Be careful to distinguish between conditional and unconditional probabilities. A conditional probability reflects “new” information about the outcome of the random phenomenon. In the absence of such information, we must continue to account for all the possibilities. When computing probabilities, be sure to only reflect information that is known. Especially when considering a phenomenon that happens in stages, don’t assume that when considering “what happens second” that you know what happened first.

In the example above, imagine shuffling the five cards and putting two on a table face down. Now point to one of the cards and ask “what is the probability that THIS card is Harry?” Well, all you know is that this card is one of the five cards, each of the 5 cards is equally likely to be the one you’re pointing to, and only one of the cards is Harry. Should it matter whether the face down card you’re pointing to was the first or second card you laid on the table? No, the probability that THIS card is Harry should be 1/5, regardless of whether you put it down first or second.

Now turn over the other card that you’re not pointing to, and see what name is on it. The probability that the card you’re pointing to is Harry has now changed, because you have some information about the outcome of the shuffle. If the card you turned over says Harry, you know the probability that the card you’re pointing to is Harry is 0. If the card you turned over is not Harry, then you know that the probability that the card you’re pointing to is Harry is 1/4. It is not “first” or “second” that matters; it is whether or not you have obtained new information by revealing one of the cards.
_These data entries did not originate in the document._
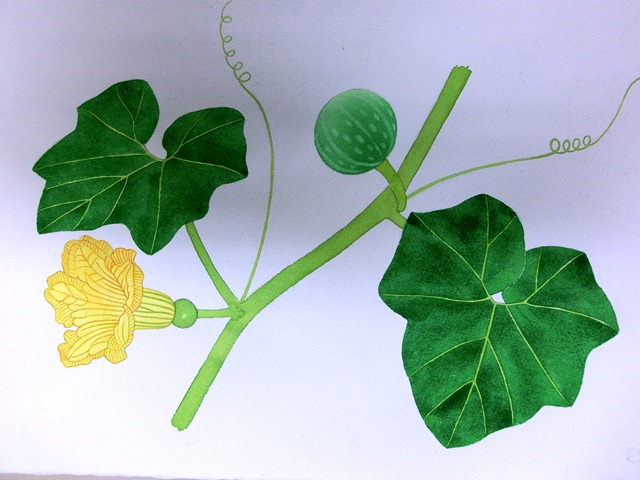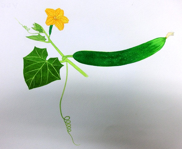 今森洋輔細密画家に描いて頂いた夏の野菜と花をご紹介します。葉っぱの表・裏の違い等が絶妙に描かれてます。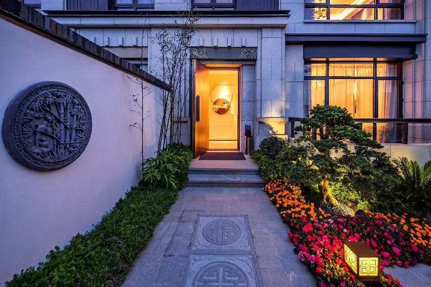大门将古代狮口门环演变为方正硬朗的雕花把手,大门以传统门饰元素、规整的镶嵌代替传统门钉,形成独特的一套新中式门钹装饰体系。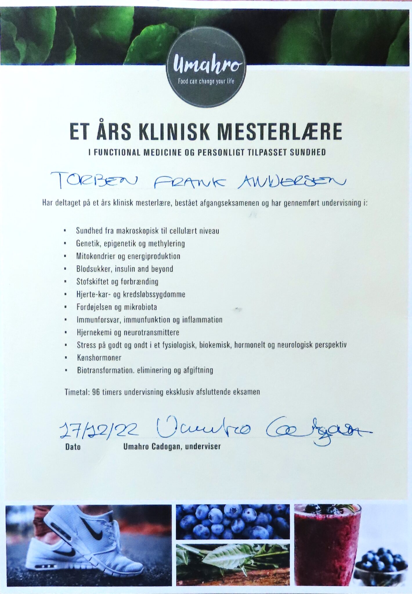 - Klinisk mesterlære i funktionel medicin ved Umahro Cadogan (2021)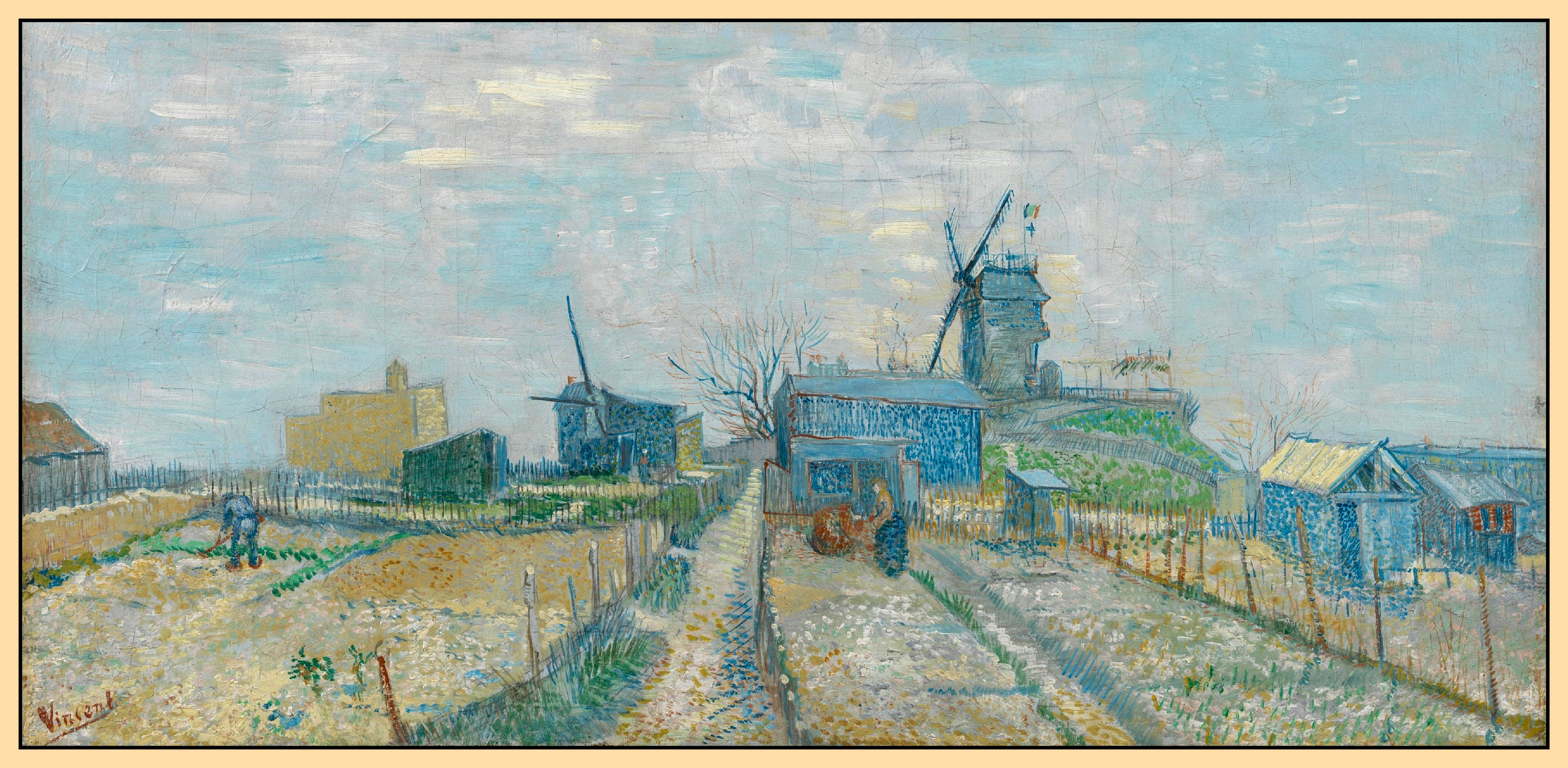 Bức tranh “Montmartre: Cối xay gió và Allotment” của Van Gogh là một tác phẩm ấn tượng, miêu tả cảnh quan vùng Montmartre, nơi ông từng sống và làm việc. Bức tranh mang đến cảm giác bình dị và yên bình của một vùng nông thôn giữa thành phố, nơi những chiếc cối xay gió trở thành điểm nhấn đặc trưng cho Montmartre trong thế kỷ 19.

Another way of asking the question is: Shuffle the five cards; what is the probability that Harry is the second card from the top? Without knowing any information about the result of the shuffle, all you know is that Harry should be equally likely to be in any one of the 5 positions, so the probability that he is the second card from the top should be 1/5. It is only after revealing information about the result of the shuffle, say the top card, that the probability that Harry is in the second position changes.

1. These number are estimates based on data from polls as of Oct 9

2. The resulting value is estimated based on data from polls as of Oct 9 and party affiliation as of Sept 2019.

3. For the purposes of constructing a hypothetical table, it doesn’t matter what value you use for the total, as long as you don’t round any of the counts in the interior cells. If interior cells are decimals, either leave them as decimals, or add a few zeros to the total count and redo.

4. Provided $$\textrm{P}(B)>0$$. We will assume throughout that all events being conditioned on have non-zero probability. We will discuss some issues related to conditioning on the value of a continuous random variable later.

5. This number differs from the one in the previous impeachment problem because of rounding errors in the probabilities reported in the setups.

6. Unfortunately, mosaic plots are not available in Symbulate yet.

7. You should really click on this birthday problem link.

8. Estimates of these probabilities vary between different sources. The values in the exercise were based on https://www.ncbi.nlm.nih.gov/pubmed/17350315

9. “Likelihood” here is used in the statistical sense, as in “maximum likelihood estimation”, rather than as a loose synonymn for the word probability.

10. Conditioning on event $$E$$ can also be viewed as a restiction of the sample sample from $$\Omega$$ to $$E$$. However, we prefer to keep the sample space as $$\Omega$$ and only view conditioning as a change in probability measure. In this way, we can consider conditioning on various events as representing different probability measures all defined for the same collection of events corresponding to the same sample space.

11. Remember: probabilities are assigned to events, so we are speaking loosely when we say probabilities of outcomes.